The current threshold used for oliguria in the definition of neonatal AKI has been empirically defined as 1 ml/kg per hour. Urine output criteria are generally poorly documented, resulting in uncertainty in the most accurate threshold to identify AKI in very preterm infants with known tubular immaturity.

We conducted a bicentric study including 473 very preterm infants (24^0/7–29^6/7 weeks of gestation) born between January 2014 and December 2018 with urine output measurements every 3 hours during the first 7 days of life and two serum creatinine measurements during the first 10 days of life. AKI was defined using the neonatal Kidney Disease Improving Global Outcomes (KDIGO) definition. We tested whether higher urine output thresholds (1.5 or 2 ml/kg per hour) in modified AKI definitions may better discriminate neonatal mortality compared with the current definition.

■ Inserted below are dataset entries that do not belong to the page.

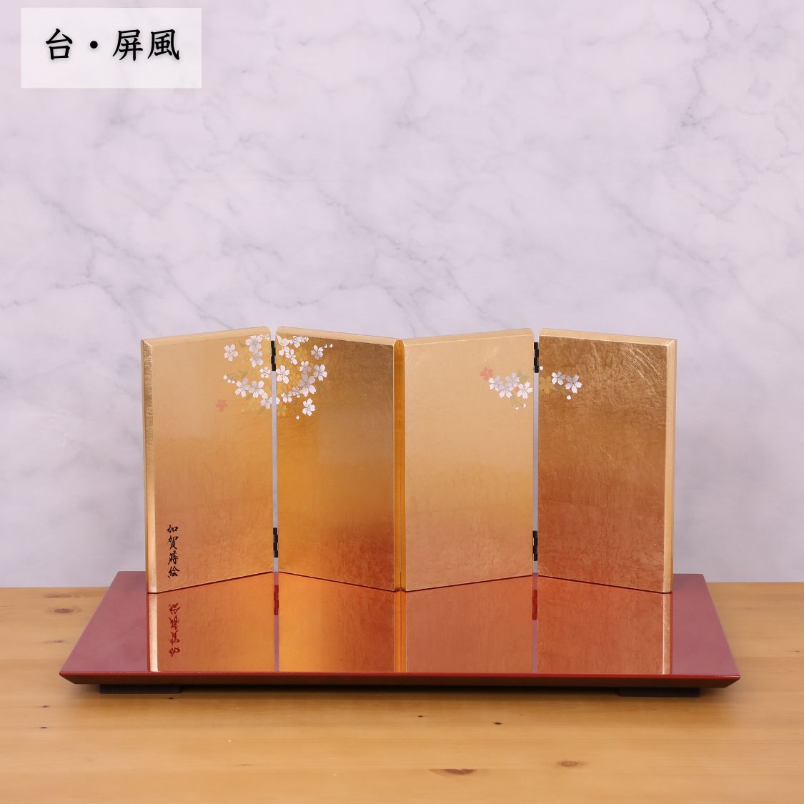 加賀蒔絵で描かれた小桜柄の美しい高岡塗り金屏風セットに、一目で分かる上質感、ちりめん生地の中でも最高級とされる丹後ちりめん絹織物から仕立てた衣装のお雛様を合わせています。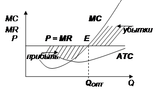 прибыль максимизируется при равенстве предельной выручки и предельных издержек. Проиллюстрируем это графически на рис. 23.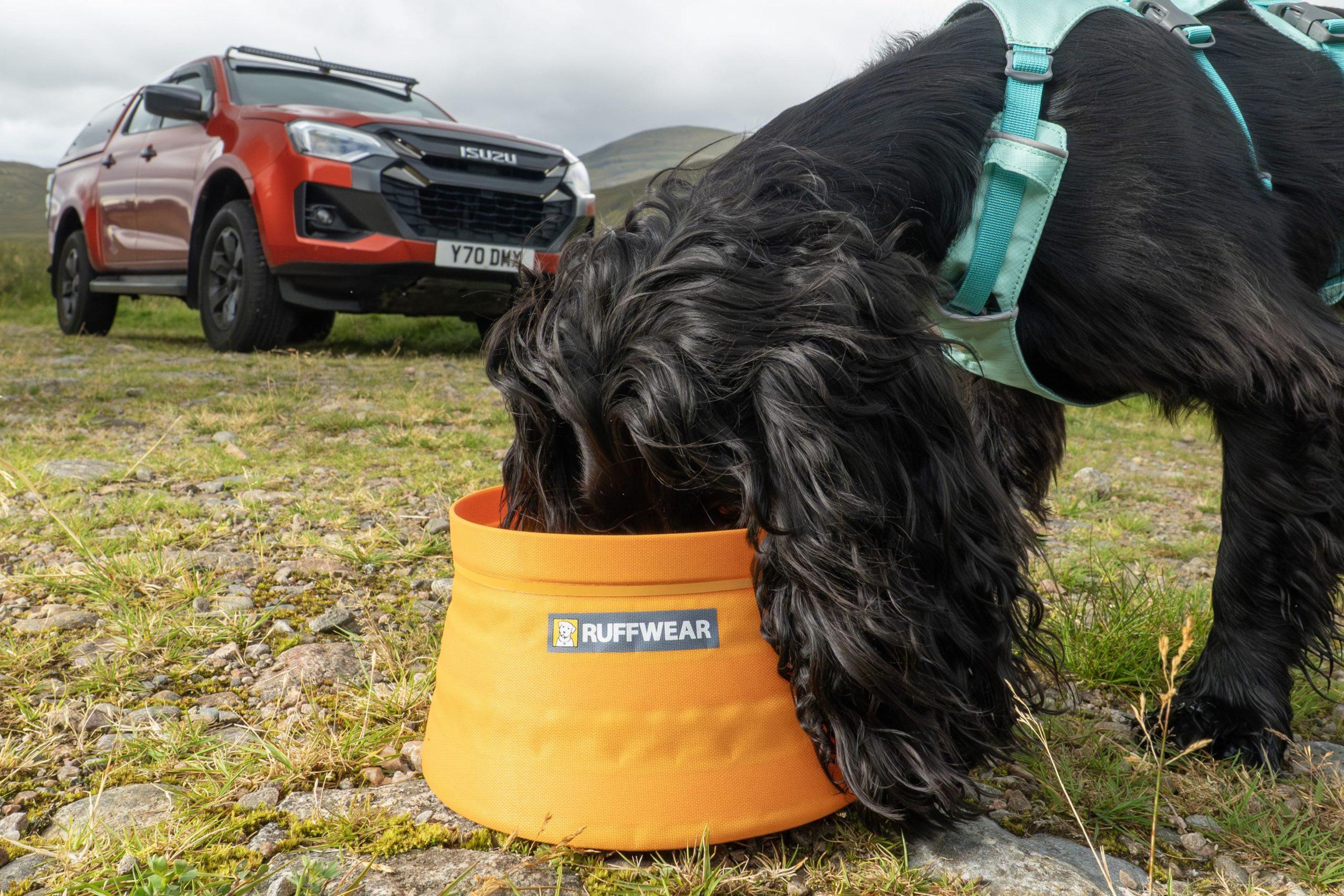 Colecția atent selecționată Isuzu D-Max x Ruffwear include articole pentru călătorie și confort, protecție împotriva intemperiilor, siguranță, hamuri și accesorii pentru vehicule. Pe scurt accesoriile premium pentru câini destinate D-Max, includ hamuri, boluri, paturi, huse de scaun și jachete pentru proprietarii de câini aventuroși.

Early-onset AKI was developed by 101 of 473 (21%) very preterm infants. AKI was diagnosed on the basis of urine output criteria alone (no rise in creatinine) for 27 of 101 (27%) participants. Early-onset AKI was associated with higher risk of death before discharge (adjusted odds ratio, 3.9; 95% confidence interval, 1.9 to 7.8), and the AKI neonatal KDIGO score showed good discriminative performance for neonatal mortality, with an area under the receiver operating characteristic (ROC) curve of 0.68 (95% confidence interval, 0.61 to 0.75). Modified AKI definitions that included higher urine output thresholds showed significantly improved discriminative performance, with areas under the ROC curve of 0.73 (95% confidence interval, 0.66 to 0.80) for the 1.5-ml/kg per hour threshold and 0.75 (95% confidence interval, 0.68 to 0.81) for the 2-ml/kg per hour threshold.

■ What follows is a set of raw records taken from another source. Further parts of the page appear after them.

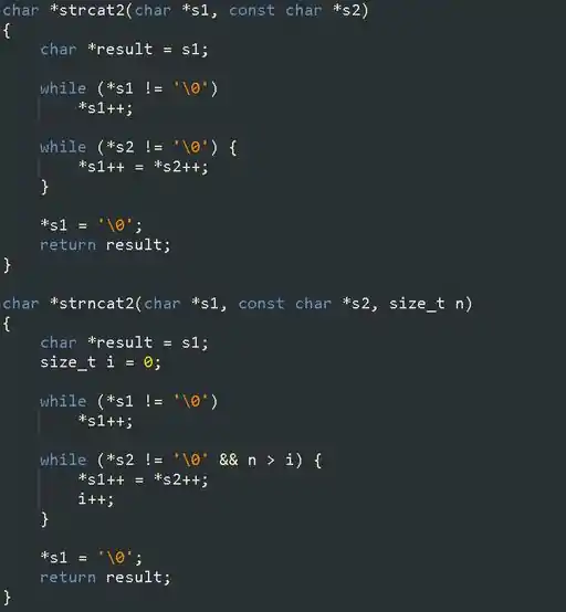 Novamente, inicializaremos o ponteiro que aponta para s1 no início de ambas as funções (porque precisaremos retornar o ponteiro que aponta para o início do array char e não poderemos usar s1 porque 'vai incrementá-lo durante o loop). Em seguida, movemos o ponteiro s1 para o caractere final no primeiro loop while e continuamos desreferenciando s2 para que possamos concatenar seus caracteres até o final de s1. Fazemos a mesma coisa para strncat2, exceto que alteramos a condição do segundo loop while. Finalmente, definimos o último caractere de s1 para o caractere de terminação da string (é claro, usando o ponteiro para ele) e retornamos o resultado mencionado acima.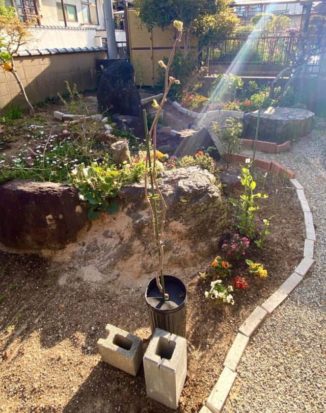私のほしいパーゴラは5〜8万円くらいする。今はとても無理なので、とりあえずキウイがツルを伸ばせるよう
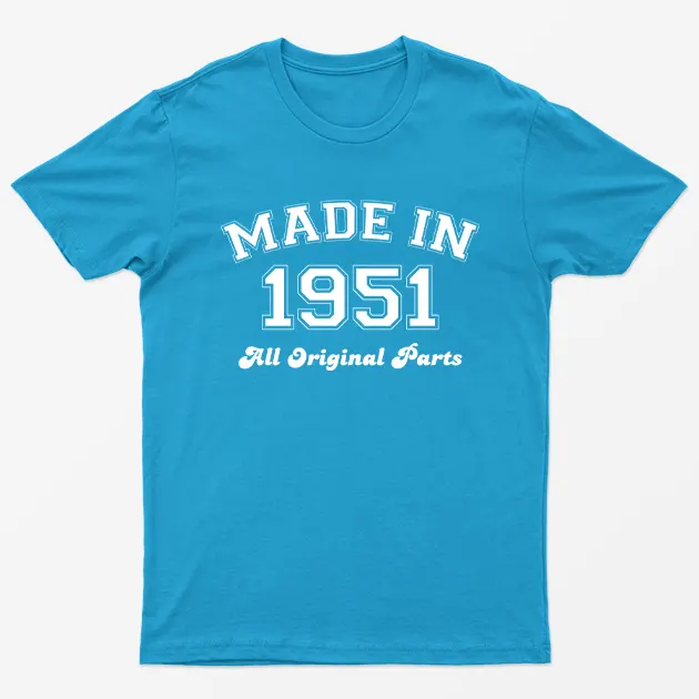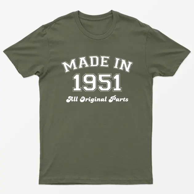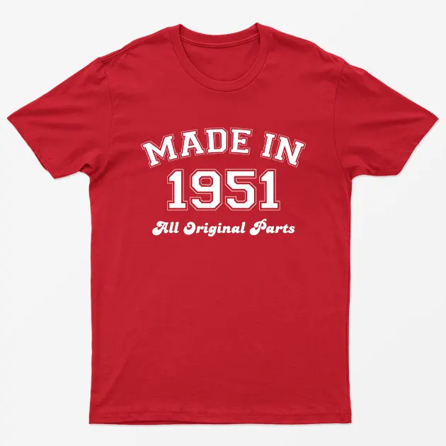Made in 1951 All Original Parts T-Shirt 73rd Birthday Gift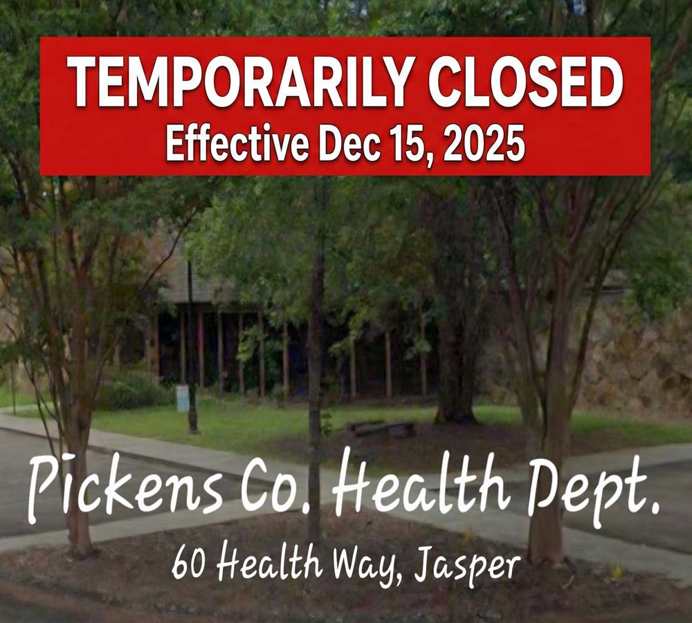 [ December 12, 2025 ] Starting Monday, Dec 15, 2025, The Pickens County Health Dept. is temporarily closing for mold remediation.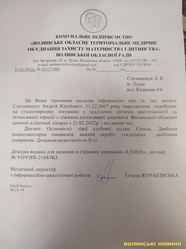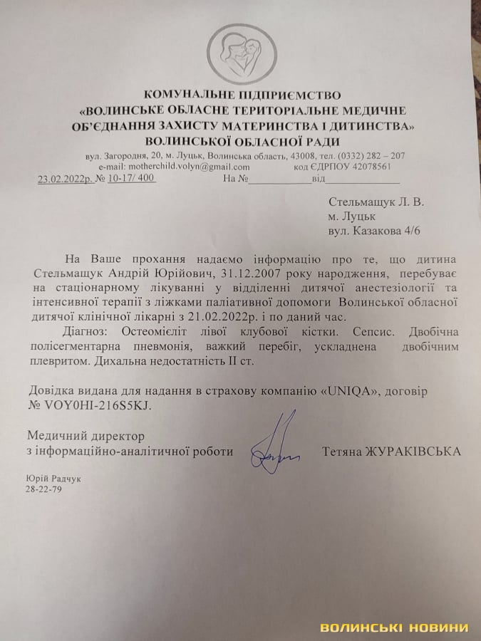 З 21 лютого і до сьогодні Андрій перебуває на лікуванні у відділенні дитячої анестезіології та інтенсивної терапії з ліжками для паліативної допомоги. Діагноз: остеоміеліт лівої клубової кістки, сепсис, двобічна полісегментарна пневмонія, важкий перебіг. Ускладнена двобічним плевритом. Дихальна недостатність 2 ступеня.«Потрібна допомога! Велика біда прийшла в нашу сім'ю. Мій брат, 14-річний Андрій, в реанімації у важкому стані. Хлопець підключений до кисневого апарату, бо не може самостійно дихати через септичну пневмонію. Внутрішні органи не справляються зі своїми функціями через сепсис і остеомієліт. Хлопець потребує дороговартісного лікування. Просимо допомогти коштами і молитвами», - благає небайдужих чоловік.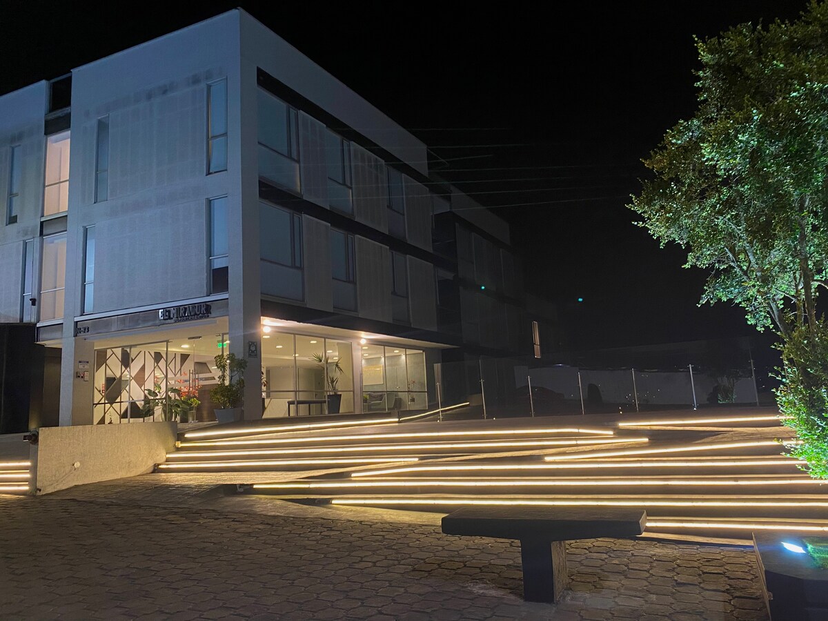 Rating 4.99 ⭐⭐⭐⭐ - Top 5 best-rated in all of Quito. Electric generator ⚡ and we issue invoices!! Very cozy 😊, bright, fully equipped, and super well located. You won’t share it with anyone else! Located in the north-central area of Quito, 1 block from La Carolina Park, El Jardín Mall 🛍️, the Chamber of Commerce, and the Metro 🚇. Close to Quicentro and CCI Mall. Banks 🏦 and restaurants on a quiet street. Flexible check-in ⏰. Gym 🏋️, co-working 💻, game room 🎲, BBQ 🍖& jacuzzi 🛁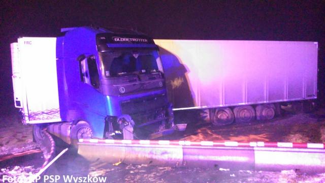 Po dojeździe na miejsce zdarzenia okazało się, iż w wyniku utraty panowania nad pojazdem w poślizg wpadł pojazd ciężarowy taranując barierki zabezpieczające i tym samym całkowicie blokując przejazd drogą krajową nr 8. W zdarzeniu nikt nie dostał obrażeń. Kierowca ciężarówki odmówił interwencji zespołu ratownictwa medycznego.

Early-onset AKI was diagnosed on the basis of urine output exclusively for a quarter of the cases. Furthermore, modified AKI definitions that included higher urine output improved the discriminative performance for predicting mortality.

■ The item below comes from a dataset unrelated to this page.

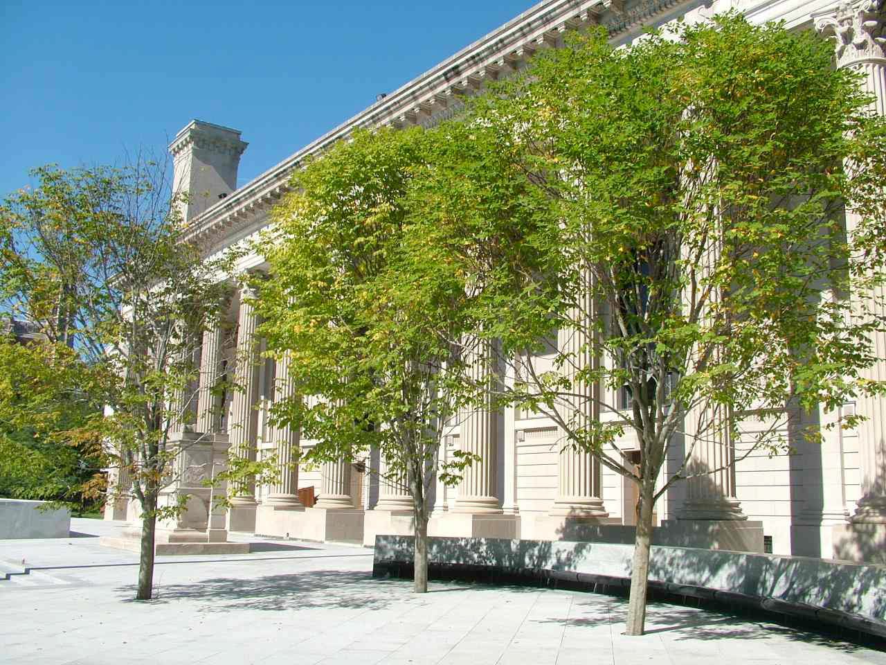 Beinecke古籍善本圖書館由Gordon Bunshaft設計,是當今世界上最大的專門收藏古籍善本的圖書館。它坐落于休伊特庭院的旁邊(現在多被稱作Beinecke廣場)。圖書館地面以上六層的書庫由一個玻璃的立方體環繞,而玻璃立方的外面則有一個更大的與之不接觸的“盒子”罩住。這座建筑的墻壁是由兩英尺見方的產自佛蒙特州的半透明大理石構成,因此可以使館內微亮而防止陽光中的其他有害射線破壞館藏圖書。版權所有山東聊城聊之旅國際旅行社有限公司,轉載必究!廣場中一個下沉式庭院中的雕塑由Isamu Noguchi設計,代表了時間(金字塔)、太陽(圓環結構)和機率(斜立的立方)。

目前新生儿 AKI 定义中用于少尿的阈值根据经验定义为每小时 1 毫升/公斤。尿量标准通常记录很少，导致在已知肾小管不成熟的极早产儿中识别 AKI 的最准确阈值存在不确定性。

我们进行了一项双中心研究，纳入了 2014 年 1 月至 2018 年 12 月期间出生的 473 名极早产儿（妊娠 24 ^0/7 –29 ^6/7周），在生命的前 7 天内每 3 小时测量一次尿量，并测量两次血清肌酐在生命的最初 10 天。AKI 的定义采用新生儿肾病改善全球成果 (KDIGO) 的定义。我们测试了修改后的 AKI 定义中较高的尿量阈值（每小时 1.5 或 2 毫升/千克）是否可以比当前定义更好地区分新生儿死亡率。

473 名极早产儿中，有 101 名 (21%) 出现早发性 AKI。101 名参与者中有 27 名 (27%) 仅根据尿量标准（肌酐不升高）诊断 AKI。早发性 AKI 与出院前较高的死亡风险相关（调整后的比值比为 3.9；95% 置信区间为 1.9 至 7.8），AKI 新生儿 KDIGO 评分显示出对新生儿死亡率的良好判别性能，接收器下面积操作特征 (ROC) 曲线为 0.68（95% 置信区间，0.61 至 0.75）。包括更高尿量阈值在内的修改后的 AKI 定义显示判别性能显着改善，对于 1.5 毫升/千克每小时阈值，ROC 曲线下面积为 0.73（95% 置信区间，0.66 至 0.80），对于 1.5 毫升/千克每小时阈值，ROC 曲线下面积为 0.75（95% 置信区间） ，0.68 至 0。

四分之一的病例仅根据尿量来诊断早发性 AKI。此外，修改后的 AKI 定义（包括更高的尿量）改善了预测死亡率的判别性能。